The raw test data comprises
- ADT FASTQ files
- GEX FASTQ files
All config files are ready to use in the testdata
subdirectory.
- HashingFile with hashtag barcodes
- featureReferenceFile with all ADT barcodes
As an alternative we provide the count data that is generated on the example data described above, to allow skipping the resource-intensive cellranger count and CITE-Seq steps. Note that the test run requires approximately 12 GB of memory to complete successfully.
To start a quick test run
- Clone the gExcite git repository and go into the new directory
gExcite_pipeline
that will be referred to as "the gExcite working directory" in this documentation.
git clone https://github.com/ETH-NEXUS/gExcite_pipeline.git ;
cd gExcite_pipeline
- Unpack the test data matrices by running the test data preparation bash script in the gExcite working directory.

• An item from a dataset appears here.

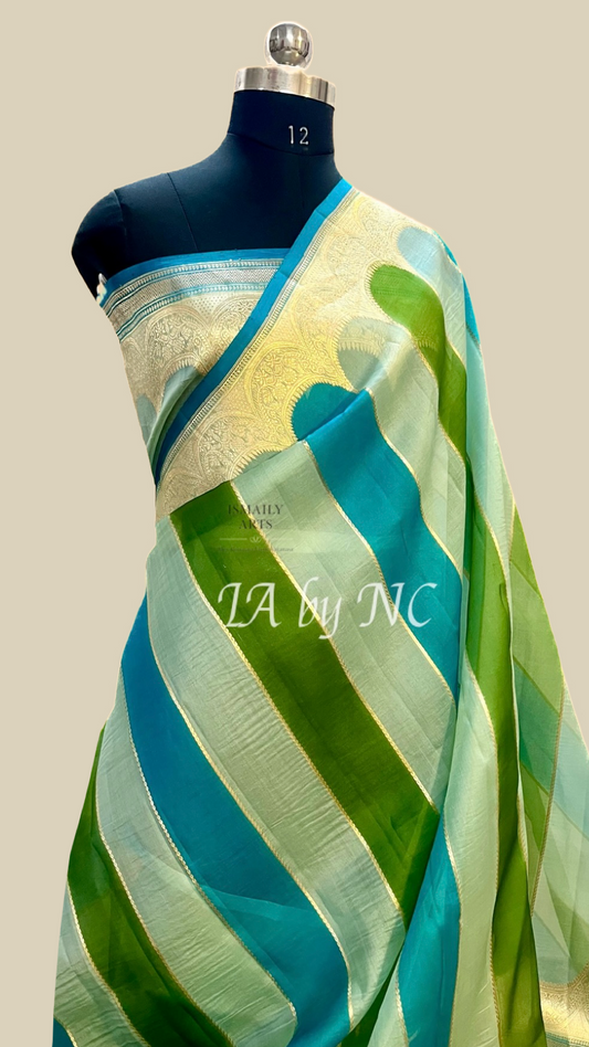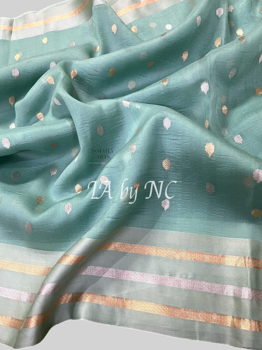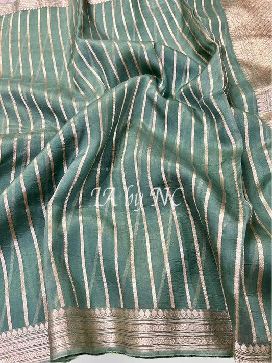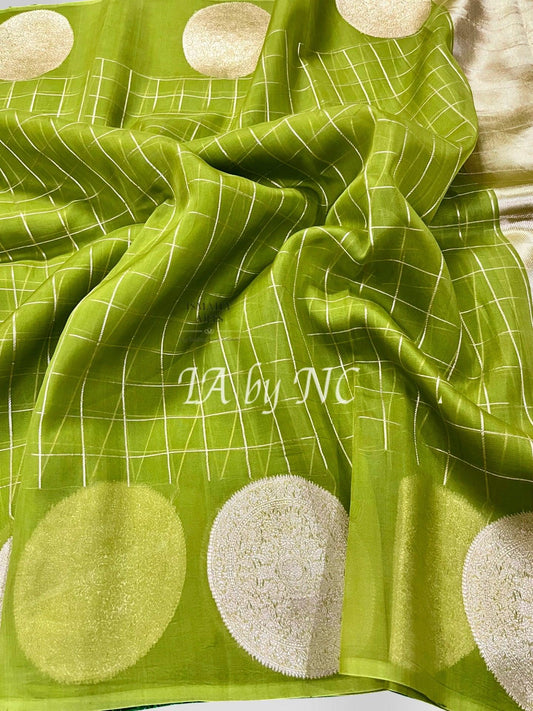 Moss Banarasi Pure Kora Organza Kadwa Saree

sh prepare_quick_testrun.sh
The directories results
and fastqs
, containing the raw count matrices, are now available in the working directory.

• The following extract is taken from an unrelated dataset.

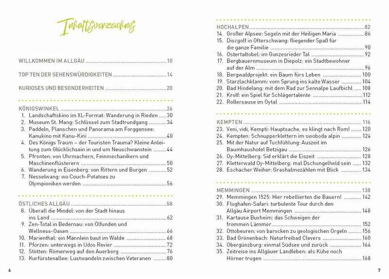 Trendiger Freizeitsport, Kuhglockenromantik und Hi-Tech, einsames Gipfelglück und lebendige Städte - verpackt in traumhafte Landschaften: das Allgäu, in weiten Teilen Kulturland, von Leuten geschaffen, die stolz darauf sind, hier naturnah zu leben, die Traditionen pflegen und zugleich offen sind für Gäste und neue Ideen. Südseekapitän zu werden, etwa. Während einer Bootsfahrt auf dem Bodensee hatte Karl Nauer diesen Traum. Wer weiß, was Ihnen in den Sinn kommt, während Sie um die Inselstadt Lindau paddeln? Finden Sie's heraus. Zimmern Sie sich aus über 50 Tipps Ihre ganz persönliche Abenteuerreise zusammen - als Tagestrip, Wochenendausflug oder Urlaub. Die Triptipps sind mit Leichtigkeit erzählt, und vereinen Lesespaß und nützliche Informationen. Ihre Reise beginnt nicht mit dem ersten Schritt, sondern auf der ersten Seite dieses Buches. Jetzt sind Sie dran: Lassen Sie sich inspirieren und entdecken Sie neue Seiten einer großartigen Region - Seite für Seite, Moment für Moment!

- Install Snakemake and mamba on your system
conda create -c bioconda -c conda-forge --name snakemake mamba snakemake ;
conda activate snakemake
- Do a dry-run to test the configuration
snakemake -s workflow/Snakefile --configfile config/config.yaml --use-conda --printshellcmds --dry-run --rerun-triggers mtime
NOTE: the parameter --rerun-triggers mtime
makes sure only changes to the input data trigger a rerun of the pipeline.
- Start the Snakemake workflow
snakemake -s workflow/Snakefile --configfile config/config.yaml --use-conda --printshellcmds --rerun-triggers mtime --cores 1
NOTE: if the pipeline should be run on a compute cluster using a job scheduling system (e.g. LSF, Slurm) the command needs to be adjusted accordingly. Please refer to the Snakemake documentation on cluster execution for platform-specific details.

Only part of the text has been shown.